# Festa dos Tabuleiros



## omostra06 (Sep 11, 2007)

Festa dos Tabuleiros will soon start in Tomar, this event is only held every four years.
Are you going?
Dont forget to get to Tomar early as it fills up quick on the day of the main event. last festa in 2007 there were a reported 600,000 thousand visitors to the town.
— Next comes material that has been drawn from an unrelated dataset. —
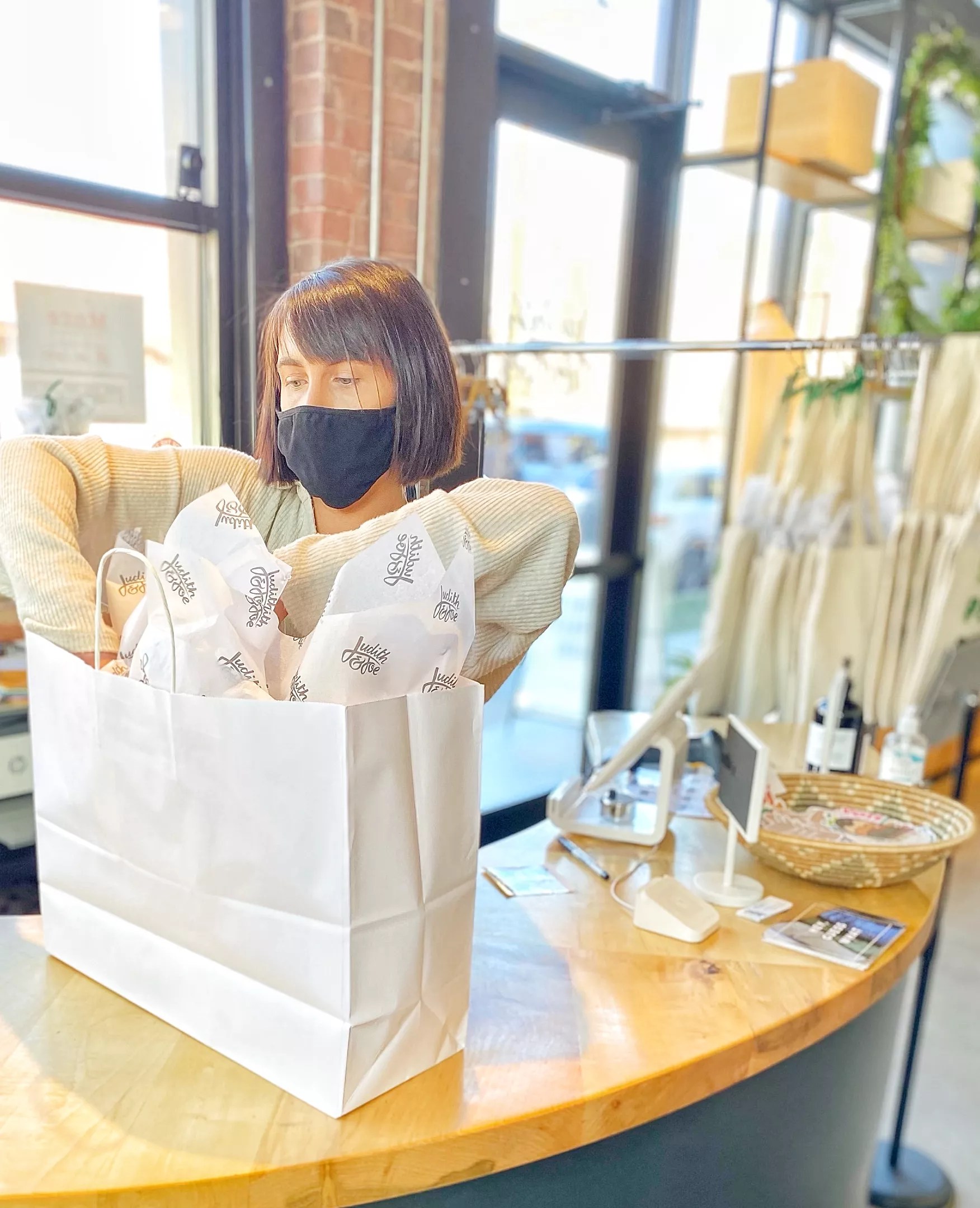 Brandee Castle: At its heart, Judith & Joe has always strived for ethical sustainability. We focus on low waste and local designers whenever we can. But we’re also about treating people ethically. We want to be fair to our employees and be good stewards of their time. And we do it all with style, of course. This explains the beautiful piece on the wall that says “STYLE. PEOPLE. PLANET.”

The whole event takes place from the 2nd to the 11th of july.


----------



## moggy666 (Jul 7, 2010)

omostra06 said:


> Festa dos Tabuleiros will soon start in Tomar, this event is only held every four years.
> Are you going?
> Dont forget to get to Tomar early as it fills up quick on the day of the main event. last festa in 2007 there were a reported 600,000 thousand visitors to the town.
> 
> The whole event takes place from the 2nd to the 11th of july.


Hi Derek,

Cant wait, really looking forward to it. We arrive on Friday for 2 1/2 weeks :clap2:
Is the bus stop available for parking or is it full of stuff.

lane:


----------



## omostra06 (Sep 11, 2007)

On the day of the main event, the police close all the roads into town about 4 hours before the procession, either try to get in before and park where ever you can or you will have to park outside town and walk in, they do close a lot of big roads and use them as carparks for that day.
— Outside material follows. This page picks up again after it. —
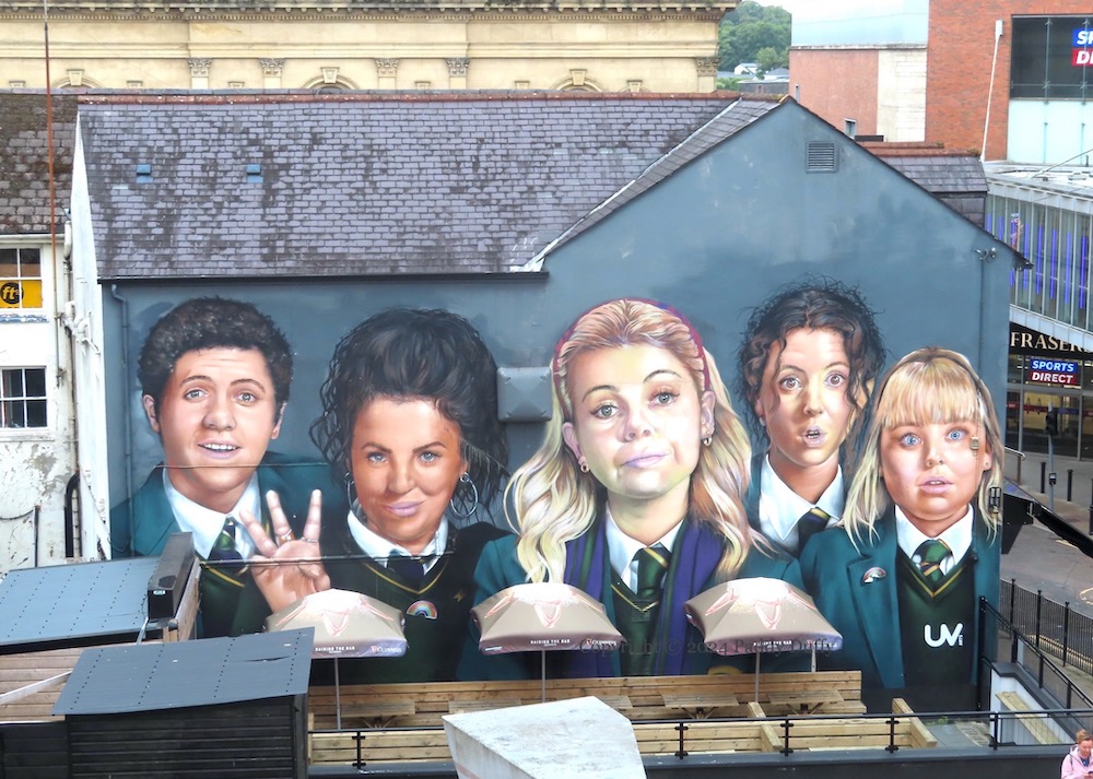 The Derry Girls, and the wee fella, James, are a tourist attraction, thanks to the success of the television show. The mural was updated in 2022 ahead of the third (and final) season, with Michelle holding up three fingers rather than two (compare with the image from 2020).

also worth trying to see during the event is the "opening of the streets" party, this has nothing to do with traffic jams, its when all the decorated streets in the old town get opened and unvailed for everyone to see the decorations, lots of little bars spring up everywhere, live music, and lots of partying till very late, or very early, depending on how you look at it. it normally starts around 10pm, again thousands show up and wait till they open the "old town" and then they swarm in, get there early too.


----------



## moggy666 (Jul 7, 2010)

omostra06 said:


> On the day of the main event, the police close all the roads into town about 4 hours before the procession, either try to get in before and park where ever you can or you will have to park outside town and walk in, they do close a lot of big roads and use them as carparks for that day.
> 
> also worth trying to see during the event is the "opening of the streets" party, this has nothing to do with traffic jams, its when all the decorated streets in the old town get opened and unvailed for everyone to see the decorations, lots of little bars spring up everywhere, live music, and lots of partying till very late, or very early, depending on how you look at it. it normally starts around 10pm, again thousands show up and wait till they open the "old town" and then they swarm in, get there early too.
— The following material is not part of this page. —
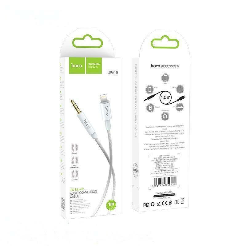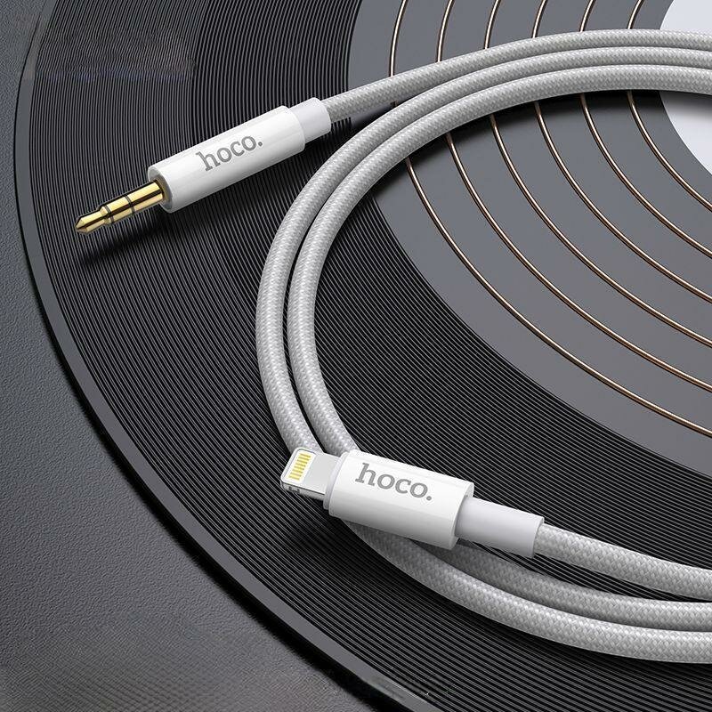 Кабель Hoco UPA19, Jack 3.5 мм (m) - Lightning, 1 м, нейлон, серебристый

Do you know if there is any provision for disabled parking?
lane:


----------



## lizzie458 (Jun 28, 2011)

Hi Derek
Is there a timetable for what is happening anywhere? We are coming over on 8th July and have some friends with us from Sunday till Wednesday. Thought it would be great to take them to Tomar to see some of this festa. We were there in 1991 for the weekend and we had a great time. Still look at the photos with fond memories.

Regards
Liz


----------



## omostra06 (Sep 11, 2007)

moggy666 said:


> Do you know if there is any provision for disabled parking?
> lane:


Sorry not sure,


----------



## omostra06 (Sep 11, 2007)

lizzie458 said:


> Hi Derek
> Is there a timetable for what is happening anywhere? We are coming over on 8th July and have some friends with us from Sunday till Wednesday. Thought it would be great to take them to Tomar to see some of this festa. We were there in 1991 for the weekend and we had a great time. Still look at the photos with fond memories.
> 
> Regards
> Liz


Hi Liz
There is an official programme already out for the weeks events, I do have a copy here, its available in most cafes, tourist spots etc. it has a full timetable of whats on and where, as well as a map showing locations of events and processions, bands playing etc,
Festa dos Tabuleiros has downloadable programmes,


----------



## lizzie458 (Jun 28, 2011)

Many thanks for the info.


----------